PROBLEM TO WORK ON:
Print the lines of the listing below verbatim from its first line through the line bearing "Regular price Rs.". Any pictures are to be omitted.

PROVIDED DATA:
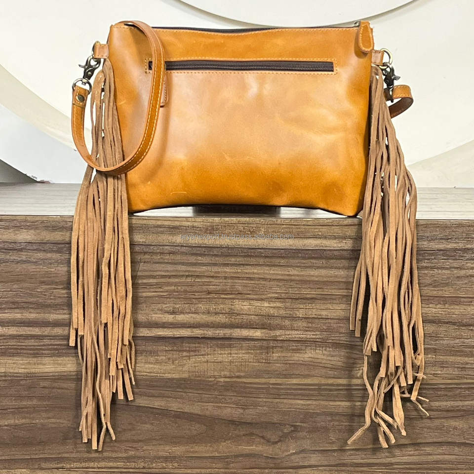 กระเป๋าสะพายข้างหนังวัวแท้ ทำมือ ประดับพู่
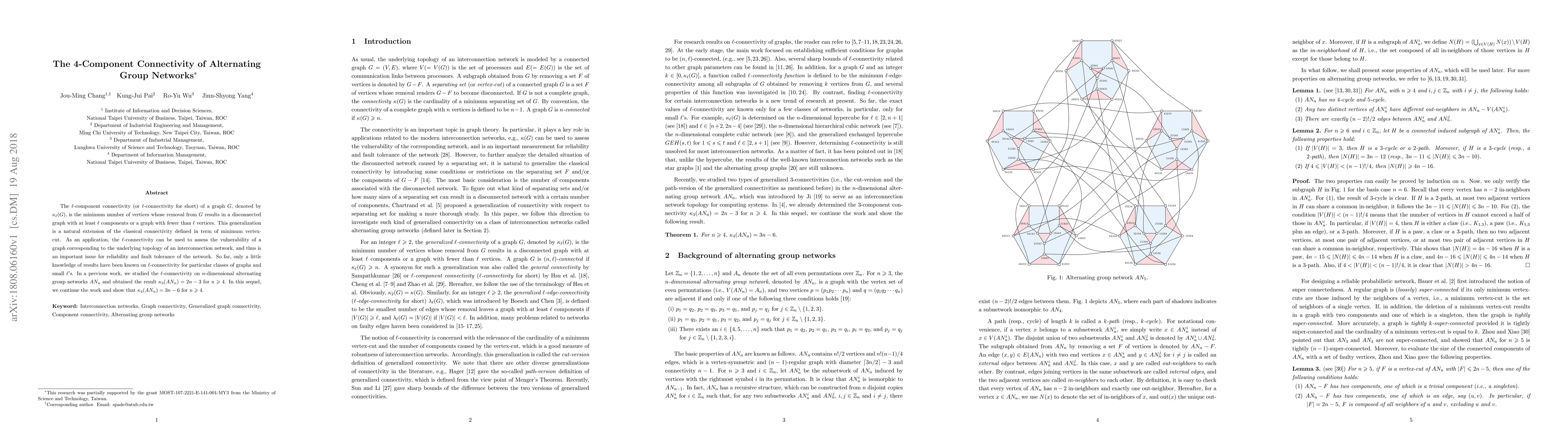 This paper investigates the 4-component connectivity ($\kappa_4$) of $n$-dimensional alternating group networks ($AN_n$), extending previous results on 3-component connectivity. It establishes that $\kappa_4(AN_n) = 3n - 6$ for $n \geq 4$, enhancing understanding of the network's reliability and fault tolerance.
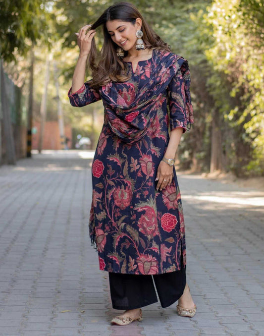 Regular price Rs. 1,069.00Regular priceUnit price / perRs. 0.00Sale price Rs. 1,069.00Kalamkari Printed Kurta With Pant And Dupatta
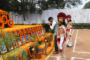 इस अवसर पर कलेक्टर श्री मयंक चतुर्वेदी, डीएफओ श्री अरविंद पी.एम., सीईओ जिला पंचायत श्री अभिजीत बबन पठारे, सेनानी 6वीं वाहिनी श्रीमती निवेदिता पॉल,सीएसपी मयंक मिश्रा, उप सेनानी श्री बृजेश तिवारी तथा शहीदों के परिजन एवं बड़ी संख्या में पुलिसकर्मी उपस्थित रहे। सभी अतिथियों एवं अधिकारियों ने शहीद स्मारक पर पुष्पचक्र अर्पित कर वीर पुलिस जवानों को श्रद्धांजलि अर्पित की।

TASK RESPONSE:
 กระเป๋าสะพายข้างหนังวัวแท้ ทำมือ ประดับพู่
 This paper investigates the 4-component connectivity ($\kappa_4$) of $n$-dimensional alternating group networks ($AN_n$), extending previous results on 3-component connectivity. It establishes that $\kappa_4(AN_n) = 3n - 6$ for $n \geq 4$, enhancing understanding of the network's reliability and fault tolerance.
 Regular price Rs. 1,069.00Regular priceUnit price / perRs. 0.00Sale price Rs. 1,069.00Kalamkari Printed Kurta With Pant And Dupatta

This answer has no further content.